The pattern shown here scales from a simple support chatbot to more complex conversational features. Start with this foundation, test thoroughly on real devices in your target market, and iterate based on user feedback. Your UAE mobile users will appreciate the snappy, responsive feel of real-time AI conversations.

Do I need to use Riverpod for state management?

No, you can use any state management solution you prefer.

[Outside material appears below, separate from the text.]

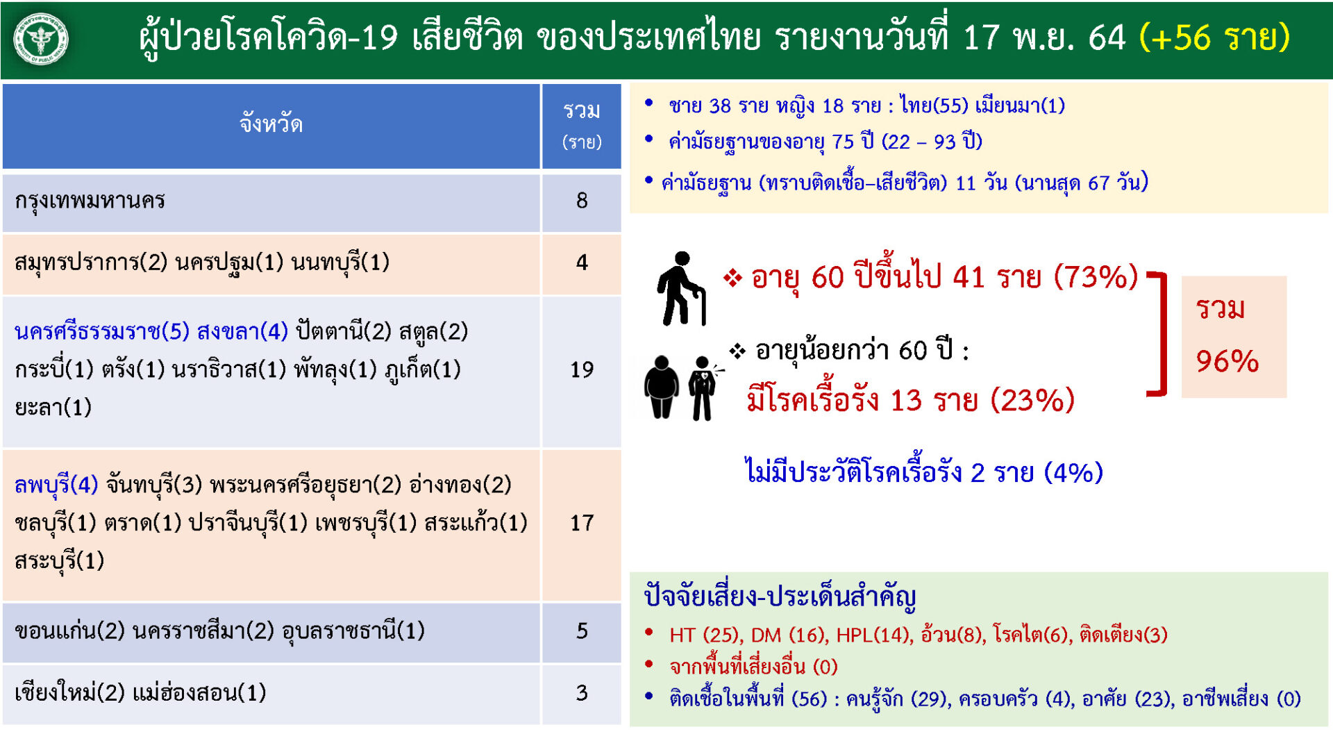 พญ.สุมณี กล่าวว่า ส่วนผู้เสียชีวิต 56 ราย เป็นเพศชาย 38 ราย เพศหญิง 18 ราย อายุเฉลี่ย 75 ปี (22-93 ปี) โดยมีสัดส่วนผู้ที่มีอายุ 60 ปีขึ้นไป 41 ราย คิดเป็น 73% ผู้มีโรคเรื้อรัง 13 ราย คิดเป็น 23% และไม่มีประวัติโรคเรื้อรัง 2 ราย คิดเป็น 4% รวมยอดเสียชีวิตสะสม จำนวน 20,143 ราย

BLoC, Provider, or even StatefulWidget work fine. Riverpod is shown here because it handles stream lifecycle well, but the streaming logic itself is framework-agnostic.

Can I use the http package instead of dart_openai?

Yes, absolutely. The dart_openai package is a convenience wrapper. If you prefer direct HTTP calls, use http or dio to POST to your Azure endpoint and parse the streaming response yourself. You’ll have more control but more boilerplate.

How do I store chat history locally?

Use Hive for simple key-value storage or Drift for a more structured database. Store messages locally, then load them when the user reopens the app. Sync with a backend if needed for multi-device support.

What’s the token cost for streaming vs non-streaming?

Azure charges per token, regardless of whether you stream or not. Streaming doesn’t reduce cost, but it improves user experience by showing responses incrementally. Use streaming for interactive chat, batch requests for background processing.

How do I handle user authentication with Azure OpenAI?

Never expose your Azure API key in client code. Use a backend service that validates user identity, then calls Azure OpenAI on the user’s behalf. Return the stream or response to the client. This keeps your credentials secure and lets you audit usage per user.